Company and a critically needed employee? (strictly speaking they need relevant expertise, not money). If entire factory is stopped and you accrue millions in damage per day then emergency hiring of froggozlle foobar twitcher is going to be expedited and outrageous wage is going to be spend if needed. I guess that producer of train is holding you hostage or something then similar may apply (one such case was kind-of-public recently, though no idea how much they got paid - in this kind hackers could consider playing with train to be part of payment :) ). My kind-of-dream is to be hireable for job where I am paid several millions to tweak some toggles for few minutes based on decades of my experience.
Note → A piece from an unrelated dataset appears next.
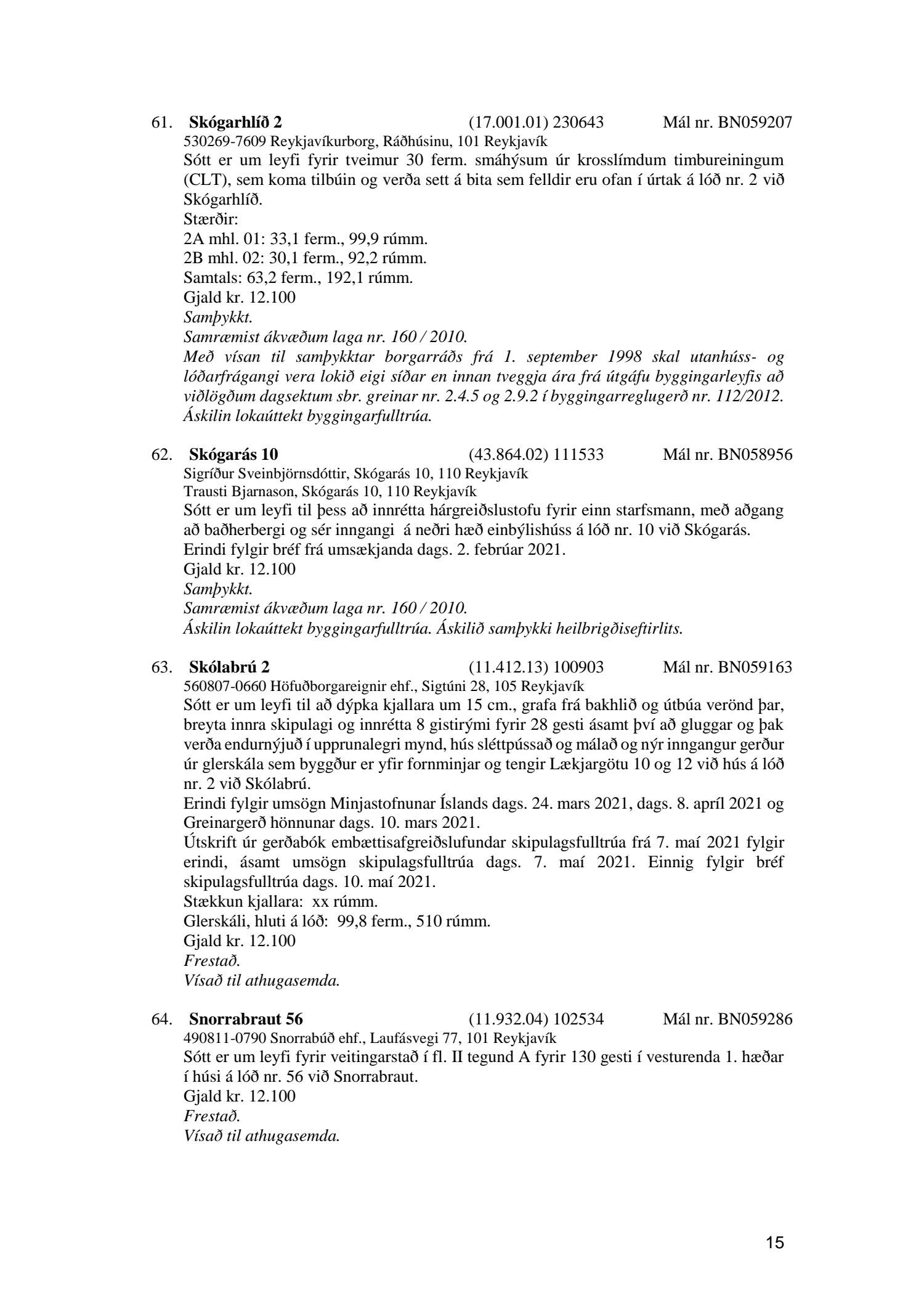 Umhverfis- og skipulagsráð nr. 61

On more replicable scale it sort of happens with programmers. There is a reason why programmers are being better paid than say cleaners.

On more replicable scale it sort of happens with programmers. There is a reason why programmers are being better paid than say cleaners.

That's not due to bilateral monopolies though. That's just normal supply and demand. Bilateral monopolies would be more like United Autoworkers or other heavily unionized jobs.

Given job market in some cases you end with "do you want me or noone?"

With programmers you can get some degree of bilateral monopoly power, where a long-time employee of a firm has a lot of firm-specific knowledge, which is very valuable to the firm but not to anyone else. This the programmer has something unique to offer the firm, and the firm is the only one willing to pay for it.

This is probably more likely to happen at non-tech firms, as tech firms are better at making sure that no crucial software is exclusively maintained by one person.